State of What Art? A Call for Multi-Prompt LLM Evaluation
(2401.00595)Abstract
Recent advances in LLMs have led to the development of various evaluation benchmarks. These benchmarks typically rely on a single instruction template for evaluating all LLMs on a specific task. In this paper, we comprehensively analyze the brittleness of results obtained via single-prompt evaluations across 6.5M instances, involving 20 different LLMs and 39 tasks from 3 benchmarks. To improve robustness of the analysis, we propose to evaluate LLMs with a set of diverse prompts instead. We discuss tailored evaluation metrics for specific use cases (e.g., LLM developers vs. developers interested in a specific downstream task), ensuring a more reliable and meaningful assessment of LLM capabilities. We then implement these criteria and conduct evaluations of multiple models, providing insights into the true strengths and limitations of current LLMs.
Overview
-
Critical assessment of LLMs' performance shows variability with different instruction paraphrases, necessitating multi-prompt evaluations.
-
A study evaluating 20 LLMs across 39 tasks with over 5,000 paraphrases found significant changes in performance, challenging single-prompt evaluation reliability.
-
The paper introduces new metrics for LLM evaluation to reflect diverse use cases, including maximum, average, saturation, and combined performance metrics.
-
Applying the new metrics revealed variations in LLM performance and rankings, highlighting the need for evaluations aligned with real-world applications.
-
Multi-prompt evaluation is proposed as a more robust and meaningful method to gauge LLM performance, recognizing the variability in natural language instructions.
Introduction to LLM Evaluation
Evaluating LLMs has become a critical component of understanding their capabilities and limitations. Typically, benchmarks use a single instruction template for assessing an LLM's performance on various tasks. However, given the diversity of natural language, even semantically equivalent instructions can alter an LLM's response, raising concerns about the reliability of these evaluations.
Delving into Multi-Prompt Evaluation
A new study explore the impact of paraphrasing instructions on the performance of LLMs. The researchers evaluated a staggering 6.5 million instances involving 20 distinct LLMs across 39 tasks from three established benchmarks. Their empirical evidence shows that model performance can change significantly with different paraphrases, challenging previous conclusions drawn from single-prompt evaluations.
The study introduces a dataset of over 5,000 varied instruction paraphrases, compiled through a mix of automated methods and manual validation. This new approach aims to measure LLM performance more holistically by considering how models respond to a range of possible instructions for each task, rather than to a single, fixed prompt.
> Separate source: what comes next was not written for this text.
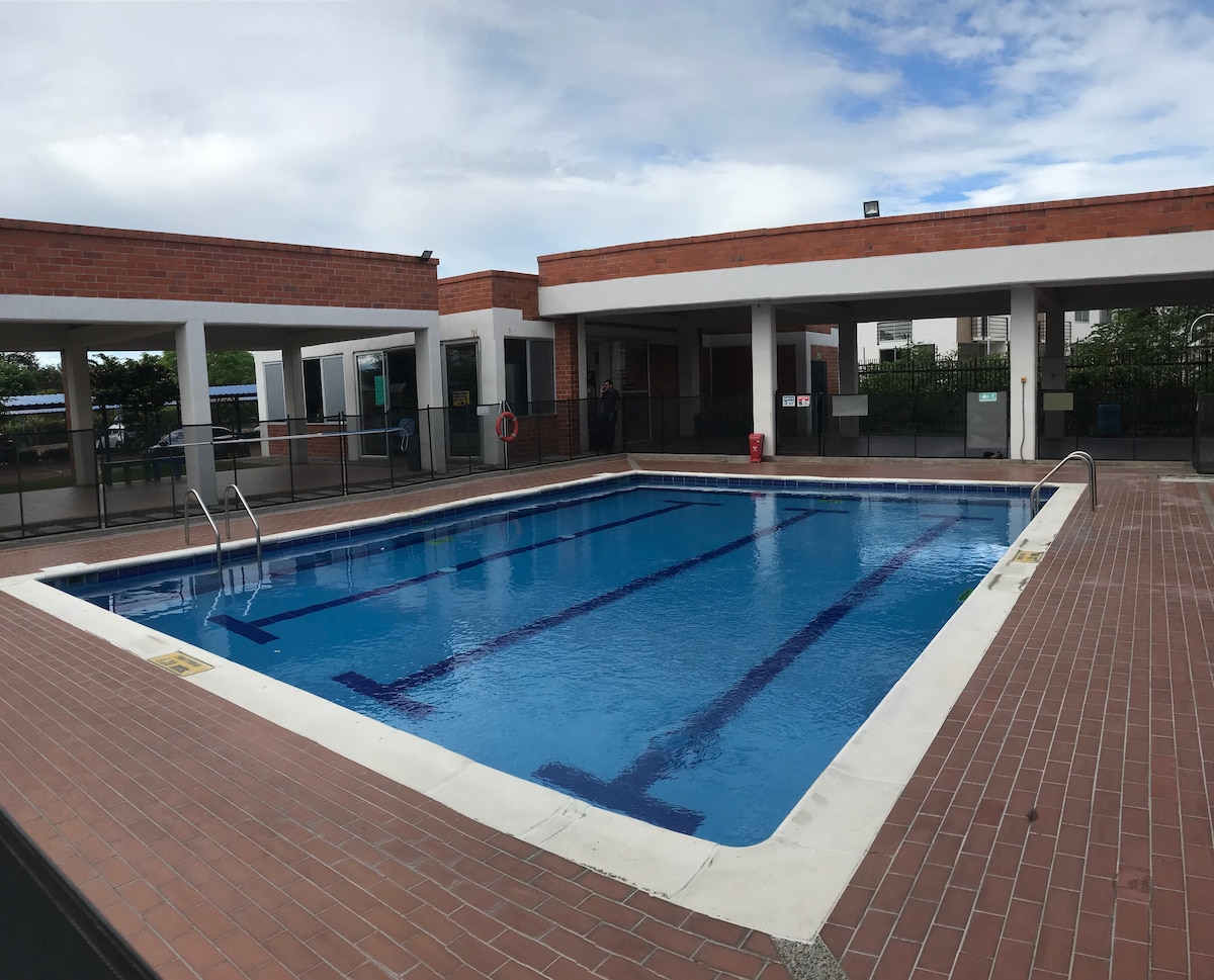 Vijfsterrenervaring met deze centraal gelegen nieuwe flat. 🏝️ - Maximaal 4 gasten met 1 tweepersoonsbed en 2 eenpersoonsbedden (Of vier eenpersoonsbedden ) Beste locatie: - 5 minuten van de luchthaven - Naast twee winkelcentra. - Historisch centrum op slechts 10 minuten - Uitgang naar de woestijn van Tatacoa. - De beroemde San Pedro beurzen liggen ook op korte 10 minuten. Clubhuis: - Het beste in de stad - Parkeerplaats inbegrepen - zwembad - Terras met uitzicht op de stad - barbecue FITNESSRUIMTE
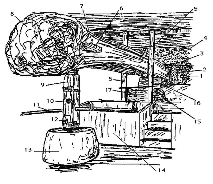 pau da grossura de um braço, introduzido por duas pedras, e com o qual

Rethinking Evaluation Metrics
The authors argue that a one-size-fits-all evaluation metric is insufficient to capture the nuanced ways in which LLMs can be used. They propose several targeted metrics for LLM evaluation reflecting different use cases—whether it's an LLM developer aiming for robust performance across multiple prompts or a product team seeking the best LLM for a specific downstream task.
Four new metrics were suggested: maximum performance metric for best possible results in specific applications, average performance metric for model robustness assessment, saturation metric for open-ended applications, and a combined performance score to account for peak capabilities and consistency.
The Real-world Implications
After applying these new metrics, the researchers uncovered variations in the absolute performance and model rankings, sometimes diverging from the conventional results obtained from single-prompt evaluations. This observation suggests that the choice of evaluation metric should be aligned with the specific goals and practical needs of the end users.
Developers and researchers may now have to consider multi-prompt evaluations to better understand LLM strengths and weaknesses. Such a comprehensive assessment could inform decisions on model selection for different applications, offering a more nuanced and reliable basis for integration into real-world systems.
Conclusion
The study presents a strong case for multi-prompt evaluation as a more robust and meaningful way to assess LLM performance. Acknowledging the variability that comes with natural language instructions, it encourages the adoption of evaluation practices that recognize this diversity, thereby aligning LLM assessment with real-world usage and needs. As the field progresses, this approach may prove crucial in accurately gauging the strengths and deploying LLMs effectively for a broad range of tasks and applications.